**Your goal**
Exactly as they stand, copy the lines from the one containing "Découvrez pourquoi notre" to the final line of the data; leave out the pictures.

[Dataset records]
<<<<

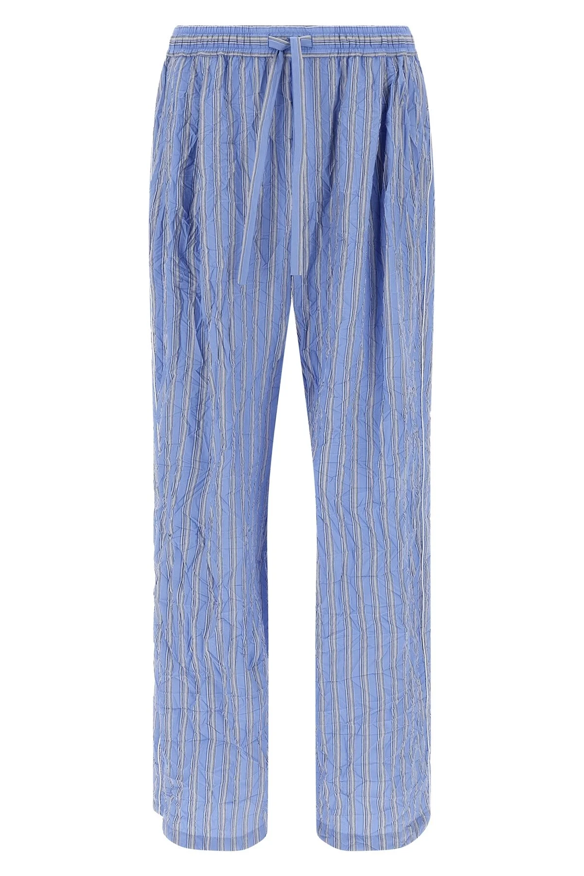 cod. GP1N9TFBMFSS8053 'Vanity' pants in cotton and silk blend canvas froisse patterned striped, pajama model, wide and straight leg, drawstring elastic waistband, trompe l'oeil flap, pockets, solid color piping on the side. The crinkled effect of the crinkle fabrics is obtained during the finishing phase, through a special process that uses heat to modify the structure of the fibers and permanently create the wrinkled appearance of the garment. To preserve the wrinkled effect, the garment should not be washed with water or ironed. The only recommended treatment is dry cleaning. Color: Light Blue Size & Fit: true to size fit Composition: 85% viscose 13% polyamide 2% silk Made in: Italy
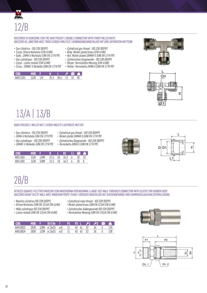 • Mutter: Vernickelte ZAMA-5 (UNI EN 1774:99)
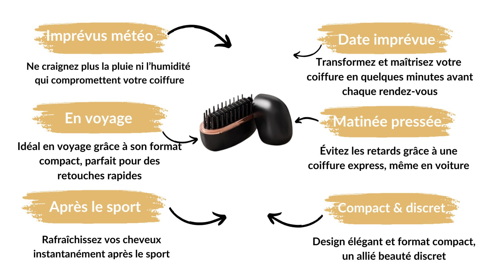 Découvrez pourquoi notre brosse est le seul choix qui combine beauté, performance et portabilité.
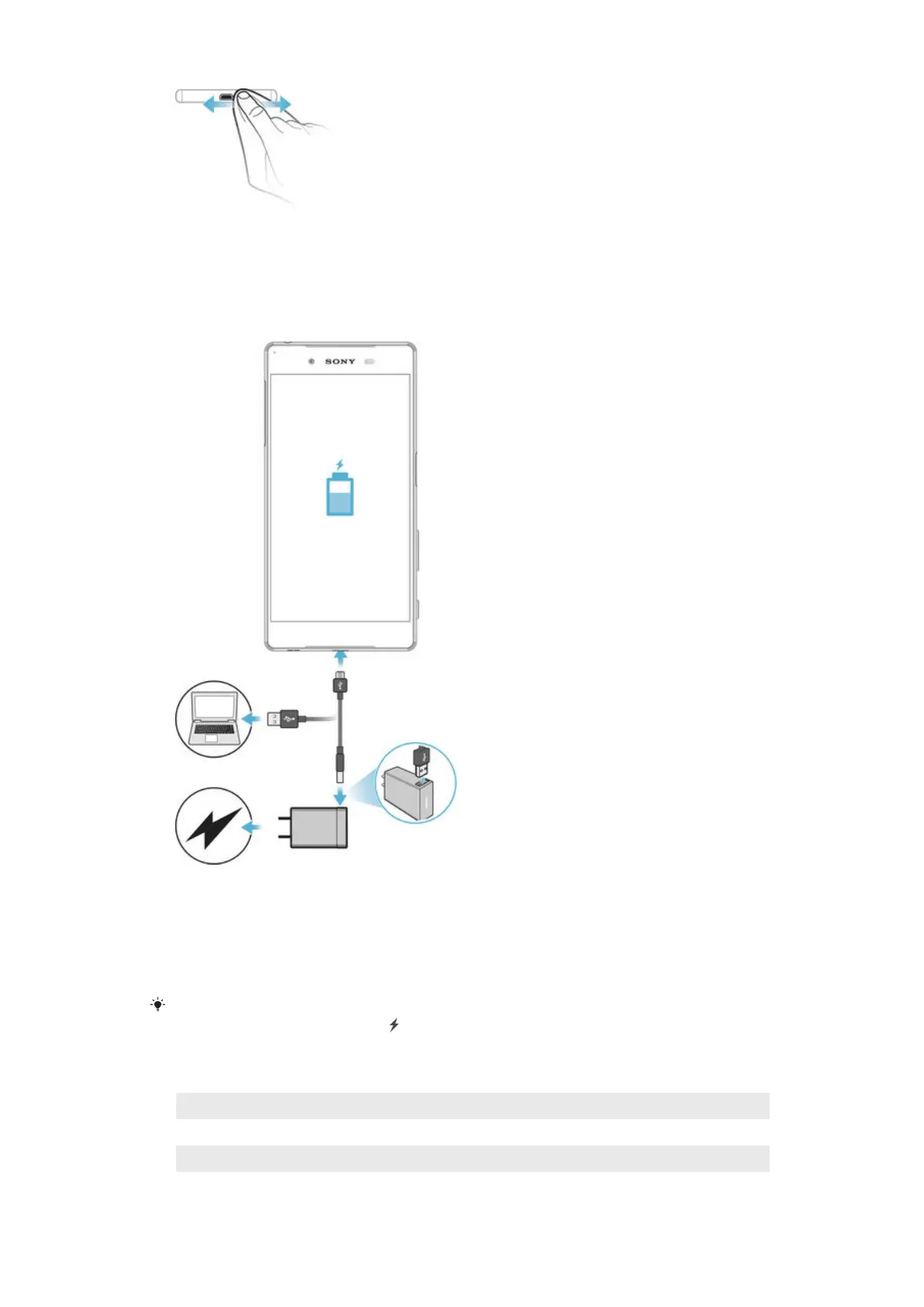 Plug one end of the USB cable into the charger (or into the USB port of a
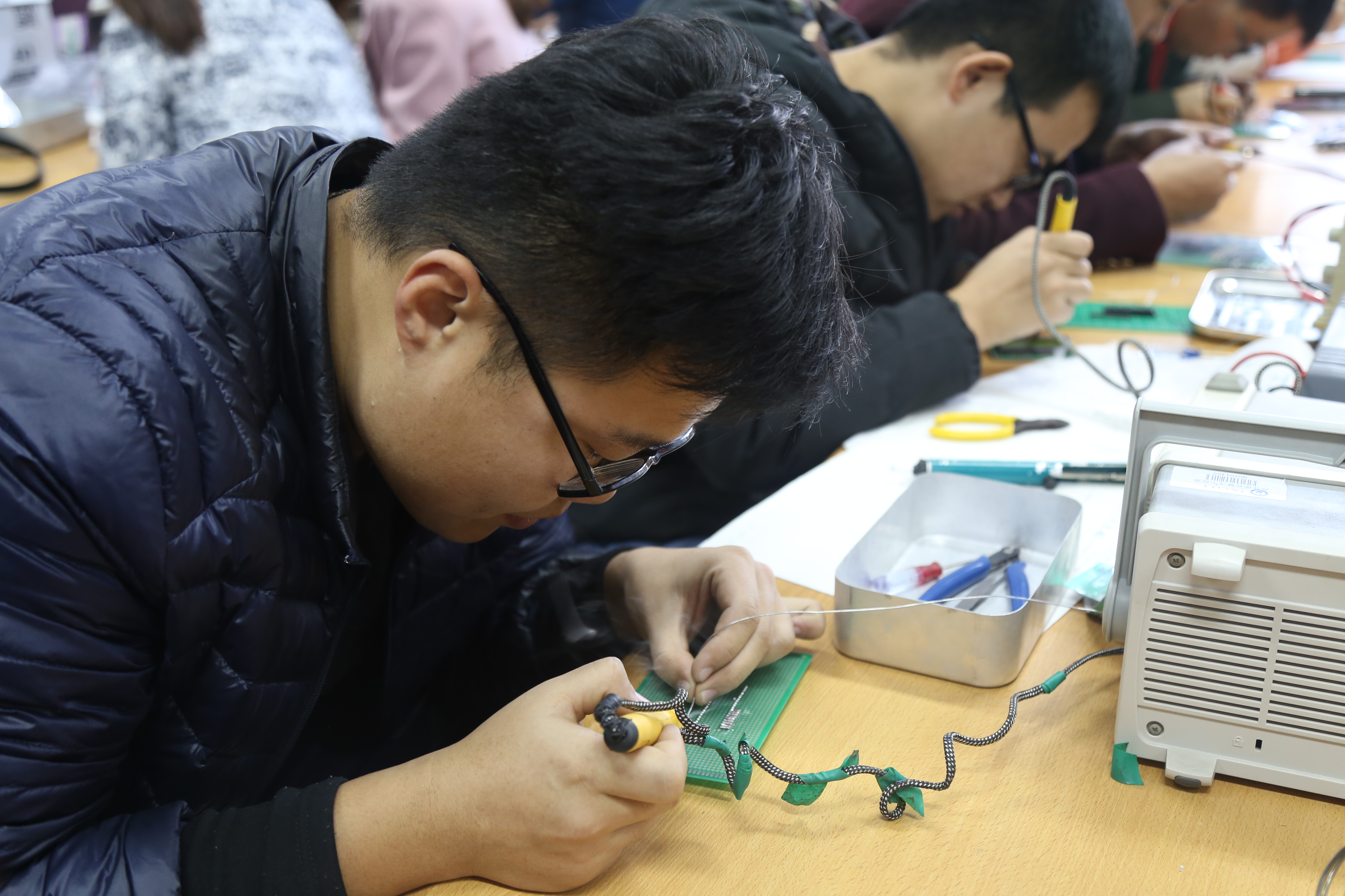 天气很冷,员工们却都将大衣脱下放在前方的实验台上。他们右手攥着电烙铁,左手持焊锡,将焊锡融化成银色的点,点连成线,在电路板上“绘制”早已设计好的电路,电路板上时时冒出缕缕白烟。赛后,选择B组题目的山东科技大学的单恒表示:“B组题目较为容易,但是还是出现了一些想象不到的问题。本来很简单的问题,我们却因为一个特别微小的错误纠结了很久,比如说排阻放反了。我的感受是以后做事还是要认真、细心一点。”

>>>>

**Solved exercise**
 Découvrez pourquoi notre brosse est le seul choix qui combine beauté, performance et portabilité.
 Plug one end of the USB cable into the charger (or into the USB port of a
 天气很冷,员工们却都将大衣脱下放在前方的实验台上。他们右手攥着电烙铁,左手持焊锡,将焊锡融化成银色的点,点连成线,在电路板上“绘制”早已设计好的电路,电路板上时时冒出缕缕白烟。赛后,选择B组题目的山东科技大学的单恒表示:“B组题目较为容易,但是还是出现了一些想象不到的问题。本来很简单的问题,我们却因为一个特别微小的错误纠结了很久,比如说排阻放反了。我的感受是以后做事还是要认真、细心一点。”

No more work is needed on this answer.